In the data below, find the line with "Nel tardo pomeriggio" and output it along with every later line, exactly, but not the pictures.

╭─ Dataset excerpts

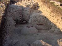 În c.1, la -0,30 m a apărut un nivel compact de tegulae şi olane amestecat cu fragmente de chiup. În secţiune au fost descoperite două chiupuri. Primul a fost descoperit în c.1 spre profilul de E. Se mai păstrează doar baza şi 0,10-0,15 m din elevaţia pereţilor (gr.medie 0,6-0,8 m). În imediata apropiere a acestora, spre profilul de V a apărut o buză de chiup completă de tip inelar provenind probabil de la chiupul numărul 1. Al doilea chiup a fost descoperit în c.2-3, la -0,40 m adâncime şi se păstrează într-o proporţie mai mică decât chiupul nr.1. Spre capătul nordic al secţiunii a fost descoperit un zid orientat NV–SE, alcătuit din blochete mici, legate cu pământ (dimensiunile medii ale dalelor 0,40 x 0,30 m), continuat spre N de un pavaj alcătuit din pietre plate din calcar de Babadag, bine fasonate. Acest pavaj a fost distrus în mare parte de lucrările agricole.
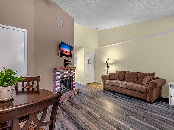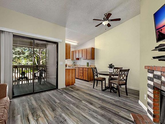 Your new home " a townhouse" is located in The Village at Donner Creek, surrounded by beautiful mountain ranges and the townhouse itself is surrounded by mature trees. Enjoy your evenings in a cozy environment , living /dining room combo, fireplace and 14' vaulted ceilings. The private patio will allow you to enjoy your afternoons outdoors, close to pool. Upper floor unit. New laminate flooring, new AC unit. Owner has kept it well maintained, so it's move in Ready! Easy to show, 1 hr min requirement.
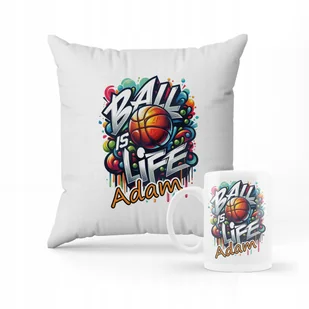 ZESTAW PODUSZKA + KUBEK Prezent Piłka od koszykówki + IMIĘ
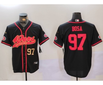 Men's San Francisco 49ers #97 Nick Bosa Black With Patch Cool Base Stitched Baseball Jersey
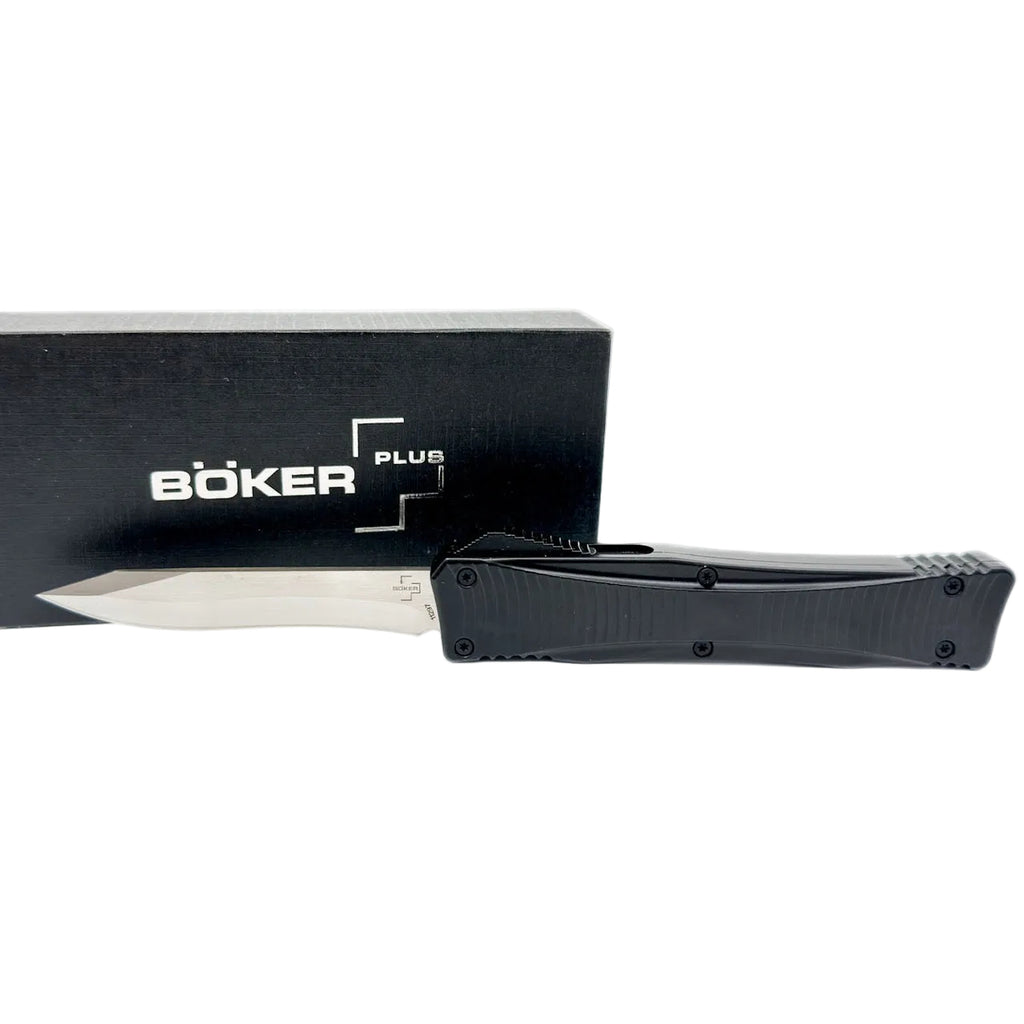 The Boker Plus Falcon OTF, designed by Raimund Lhotak, fits in the hand thanks to the structuring of the titanium-coated handle and the ergonomic design. The reliable mechanism opens and closes the blade by spring force via the release slide, ensuring quick operation. The stunning dynamic grind lines and two-tone finish also make the knife an exquisite collectible. With reverse tanto blade made of D2.  State and Federal Laws apply to purchase - MUST BE 18 YRS OLD TO PURCHASE.  Blade: 3.35" Reverse Tanto Blade - Weight 3.4oz - Handle Length 4.9" - Overall Length 8.27".
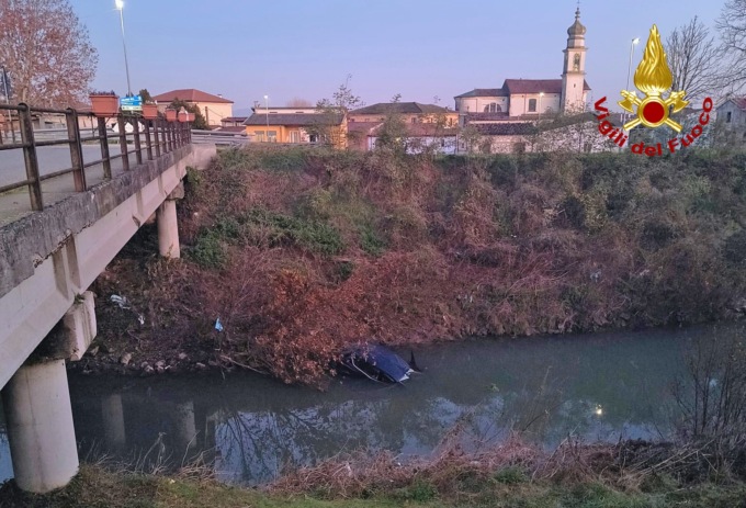 Nel tardo pomeriggio è stato richiesto l’intervento dei vigili del fuoco, dato che il carro attrezzi non è riuscito da solo a recuperare il veicolo nel fiume. I vigili del fuoco, intervenuti da Lonigo e Vicenza con i sommozzatori e l’autogrù, hanno imbragato l’auto che è stata issata fino al piano stradale.
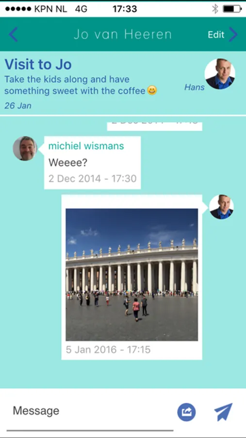 Invite your contacts easily to start a group. In this group you can plan your activities quickly and conveniently.
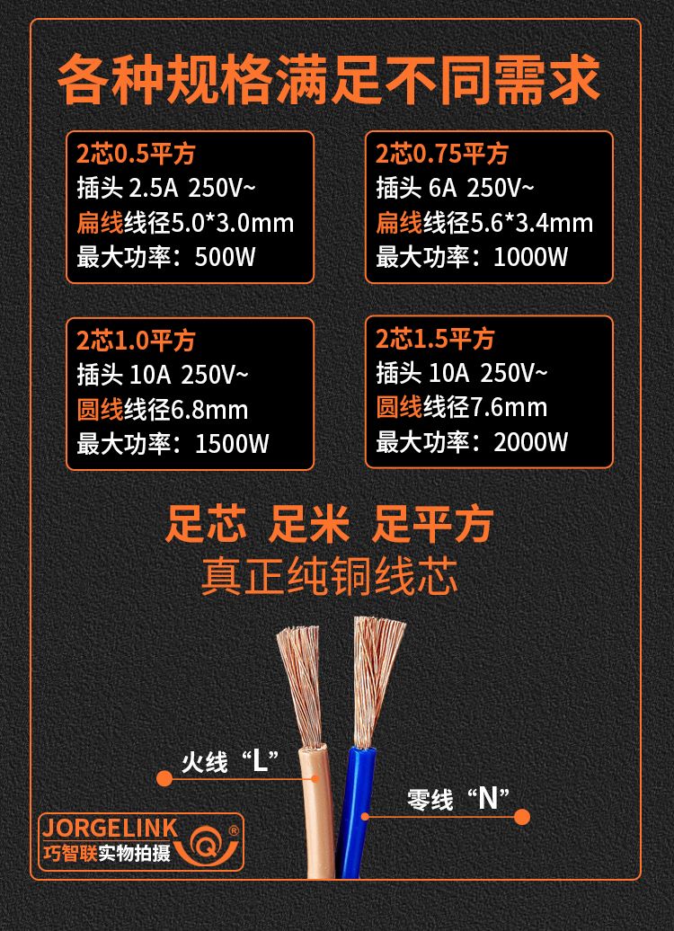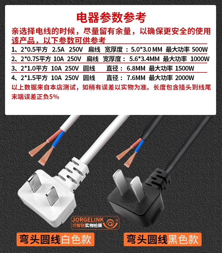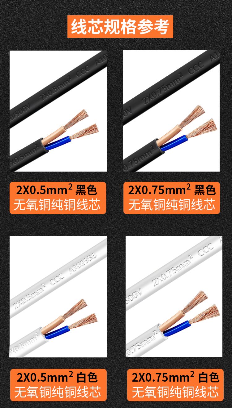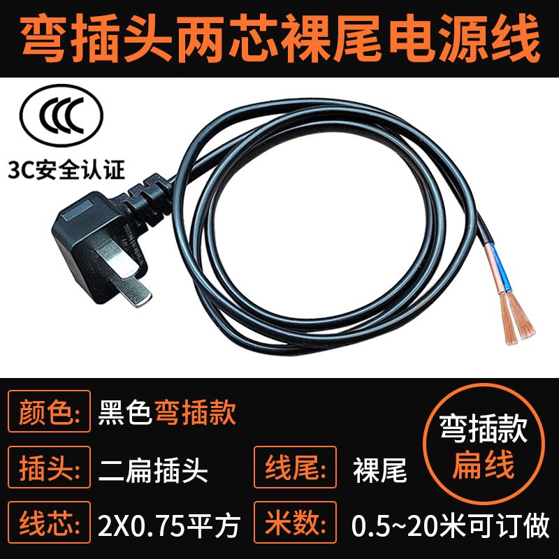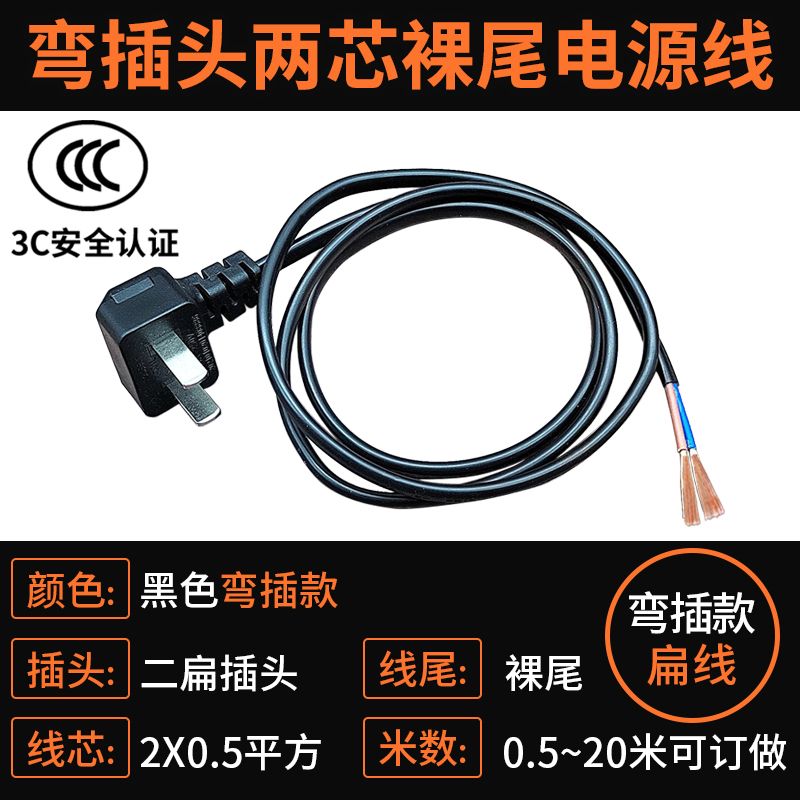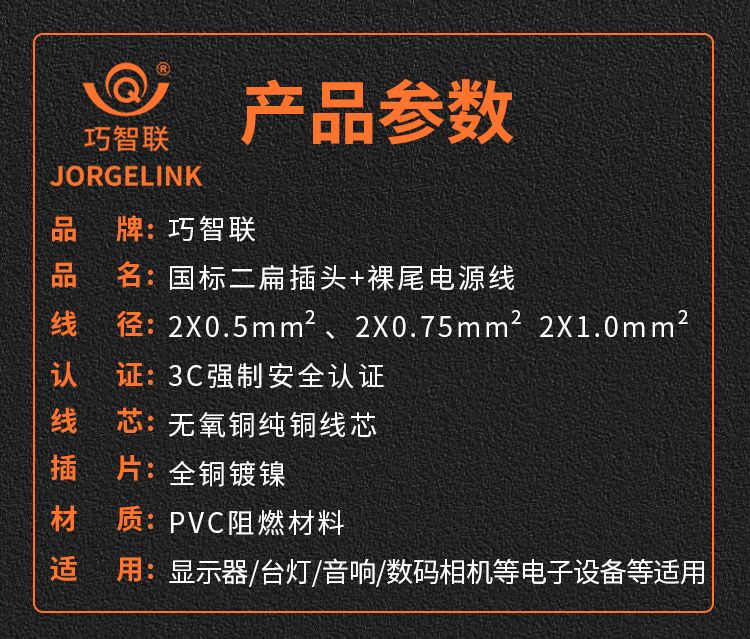 巧智联纯铜国标商家通用电器连接线带插头二芯两项电动工具电源线

╰─

• [Solution to the exercise]:
 Nel tardo pomeriggio è stato richiesto l’intervento dei vigili del fuoco, dato che il carro attrezzi non è riuscito da solo a recuperare il veicolo nel fiume. I vigili del fuoco, intervenuti da Lonigo e Vicenza con i sommozzatori e l’autogrù, hanno imbragato l’auto che è stata issata fino al piano stradale.
 Invite your contacts easily to start a group. In this group you can plan your activities quickly and conveniently.
 巧智联纯铜国标商家通用电器连接线带插头二芯两项电动工具电源线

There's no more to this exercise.